The issue itself, however, is by no means restricted to drugs. Dr Scicluna has also questioned whether it is counter-productive for the law-courts to hand down any prison sentences of a short duration – two years or less – arguing that, in a system supposedly based on ‘rehabilitation’, there would not be enough time to work with the offender.
And yet, a recent Parliamentary Question revealed that around half Corradino’s current convicted population are serving sentences of two years or less. Moreover, there are at present more people held in custody under arrest at Corradino, than actually serving a sentence.
As a result, a prison which has a maximum capacity of around 700, is currently holding more than 900 people. Around 500 of those are awaiting trial.
Coupled with the extent of the court’s current backlog of ending cases, the time has perhaps come to review our criminal penal system. Past experience, such as the Gisela Feuz fiasco, already suggests that mandatory prison sentences, in the absence of judicial discretion, do not work to deter serious crime.
And the sheer number of unnecessary prison sentences is also placing undue pressure on an already over-crowded prison: without improving the rehabilitation rate of offenders.
Moreover, the current situation denies the judiciary the opportunity to contemplate alternatives to prison, which are already – in theory – accommodated by the law. Questioning whether prison really is the right environment for minor offenders, Scicluna added that other approaches – including community service, or probation orders – are being neglected.

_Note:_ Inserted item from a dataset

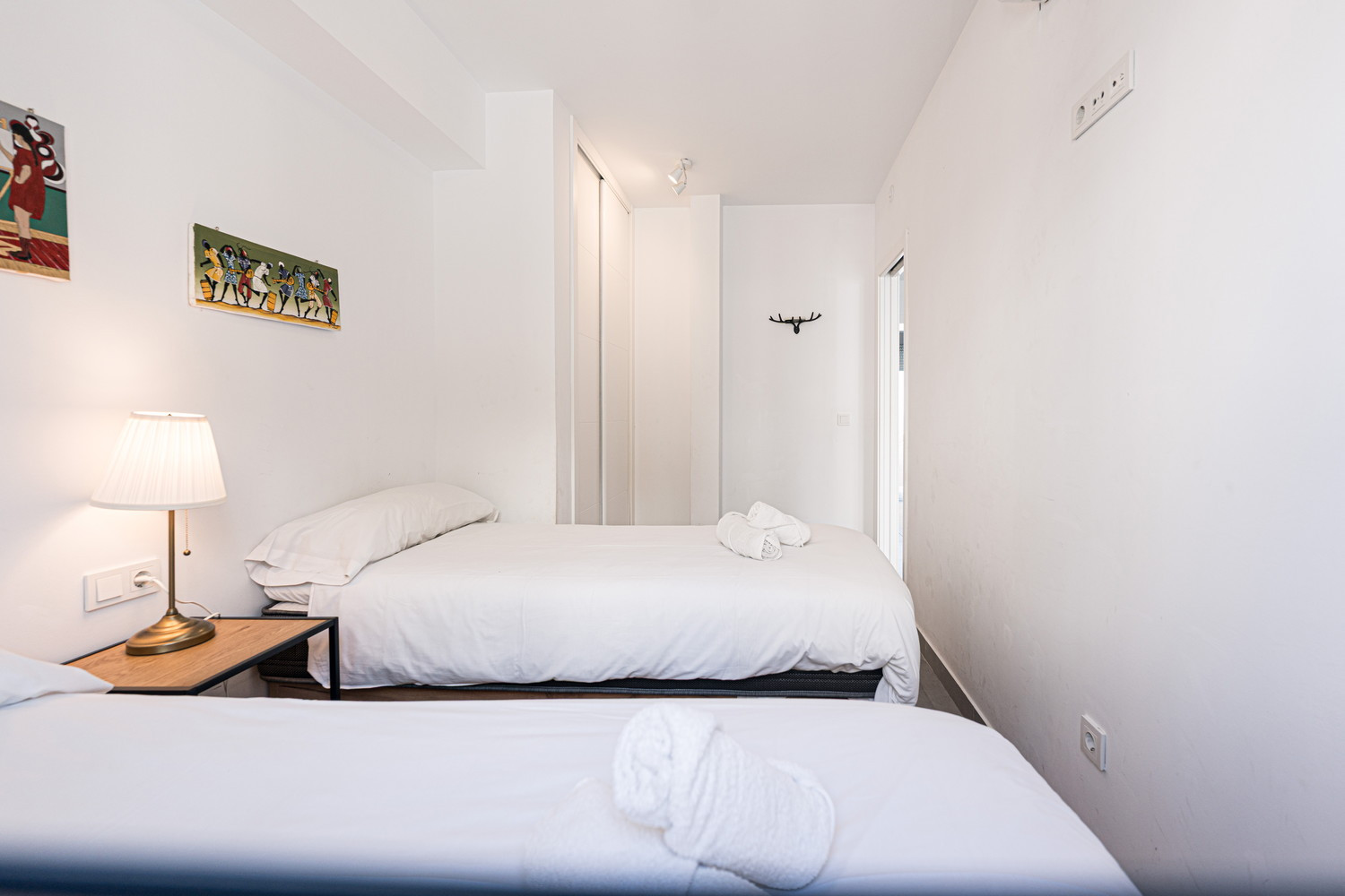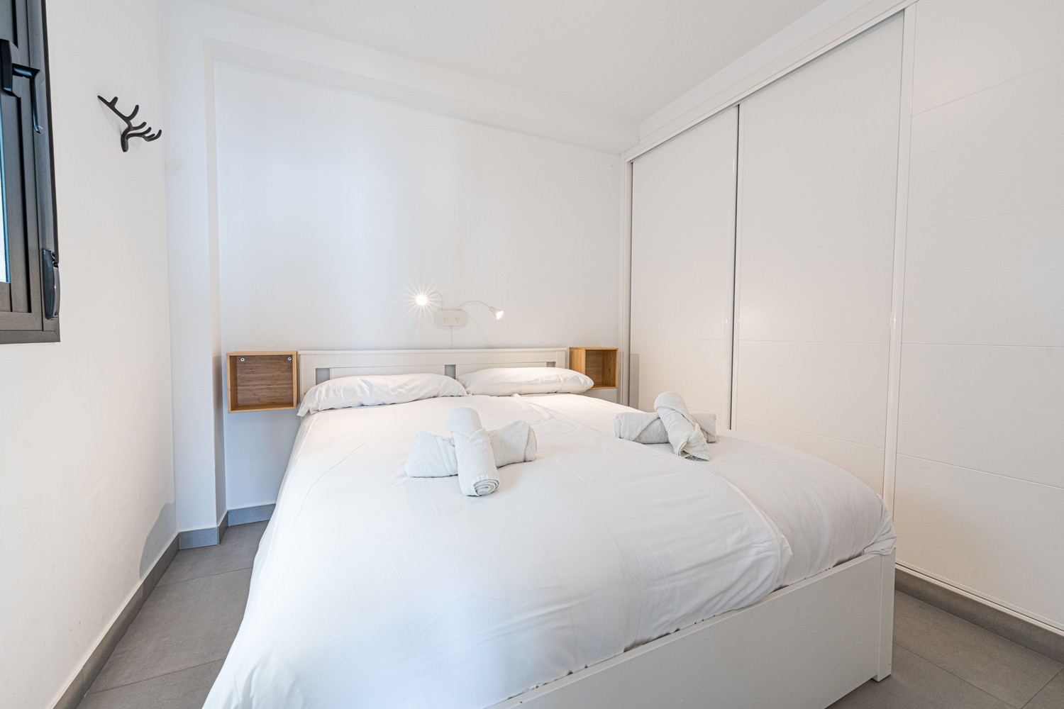Duerma cómodamente en nuestros dos dormitorios: el principal con cama de matrimonio y baño en suite, y un segundo dormitorio con dos camas individuales, ideal para la familia o los amigos. Y para aquellos que necesiten espacio extra para dormir, el salón alberga un sofá cama, con el precio del apartamento pensado en función del número de huéspedes.

“These alternatives do exist; but the law, in its current state, does not allow the judiciary the discretion to actually use them,” she said, adding that the judiciary is well aware of the problems in legislation.
Indeed, the problem is visible to not just the judiciary; but also to academia, and to a general public which – when making comparisons to sentencing policies in other, more serious criminal matters – may be justified in asking themselves whether justice is really being served at all.